Decman recalled that on one extremely cold day, his district’s diesel buses experienced problems with their fuel thickening and those buses didn’t run, but the electric buses did.
“I’m not saying there aren’t problems on the electric buses; there are,” Decman said. “But we have had just as many problems with our (diesel) buses.”
Batteries on wheels
In the growing light of Bus 24, the children chatter happily, sending whisps of conversation wafting through the air: “I’m famous!” … “In two years she will be my age!”
“What are we going to sing today?” Hadley asks.
The selections include a rousing rendition of “Rudolph the Red-Nosed Reindeer,” complete with percussion (a boy keeping time by clapping loudly), and add-on lyrics:
“Rudolph the red-nosed reindeer (Reindeer!), had a very shiny nose (Like a light bulb!), and if you ever saw it (Saw it!) you would even say it glows (Like a flashlight!) …”
Whether electric school buses will increasingly be the backdrop for such scenes depends on a number of factors, and supporters do see potential speed bumps, including Trump’s vows to roll back government support of electric vehicles.
Still, the first $3 billion of the Clean Bus Program funding has already been awarded, Mudd noted.
And the Clean Bus Program may be less vulnerable than other initiatives because it comes from the Bipartisan Infrastructure Law, as opposed to President Joe Biden’s signature climate legislation, the Inflation Reduction Act, she said.
Trump has been highly critical of Biden’s climate initiatives, and last month Reuters reported that the president-elect’s transition team will try to kill a Biden electric vehicle tax credit of up to $7,500.
“We honestly don’t know how at risk the (clean bus) funds are,” said Mudd. “It’s an electric vehicle program, but it’s also a clean air program, and many of those who say they’re not in favor of electric vehicles also claim to want clean air.”

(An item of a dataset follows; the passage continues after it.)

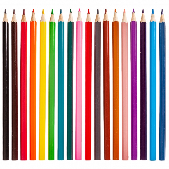 В наборе 18 шестигранных цветных карандашей с заточенным грифелем. Корпус изготовлен из высококачественной древесины, гладкость которой обеспечена многослойной покраской. Их удобно держать в руках, они легко затачиваются, имеют прочный грифель. Яркие насыщенные цвета оставляют мягкие штрихи и ровно ложатся на бумагу. Карандаши помогут юным художникам развить мелкую моторику рук, цветовое восприятие, фантазию и воображение. Упакованы в картонную лакированную коробку с петлей-европодвесом.

Lion’s financial struggles have created a different kind of uncertainty, with Decman saying he has major concerns regarding the company’s ability to provide parts and maintenance and help with warranty issues.
In a written statement, Lion responded that at this stage, the company “is not being liquidated, but is rather undertaking various restructuring measures, including a sale and investment solicitation process, in a stable and structured environment.”
“Lion will continue to assist its customers with maintenance and servicing of their vehicles and honor vehicle warranties,” the statement said.
Decman said he is “very hopeful” that the situation can be resolved in a way that works well for Herscher.
“There’s no perfect transportation mode, but I happen to think that this one — if most of the kinks get worked out — seems to be more positive than current (internal combustion engine) buses,” he said.
Farquer, now the superintendent at Mercer County Schools, noted that the traditional big-three school bus manufacturers in North America — Blue Bird, Thomas and IC Bus — all have electric models on the road.
Georgia-based Blue Bird reports it produced and delivered more than 700 electric buses in fiscal year 2024, up nearly 30% from 2023.
Farquer, who leads the Bus2Grid school bus electrification initiative, also sees potential for electric school buses — with their big batteries — to act as sources of emergency power and energy storage.
With the right charging equipment, an electric school bus could pull up and help power a nursing home during an outage, or allow people to charge their cellphones at an emergency shelter, he said.
School bus batteries can also be used to store energy from the grid when it’s cheap, so it can be used later — perhaps to help power a school building. That can save a district money and ease pressure on the electric grid at times of peak demand.
Such projects are already in the works in Illinois, and Farquer said he thinks the state will start seeing real-life examples in 2025.
“You can use your school bus batteries in a way that supports your building, your community and the grid at large — (and) you get a better return on that investment,” he said.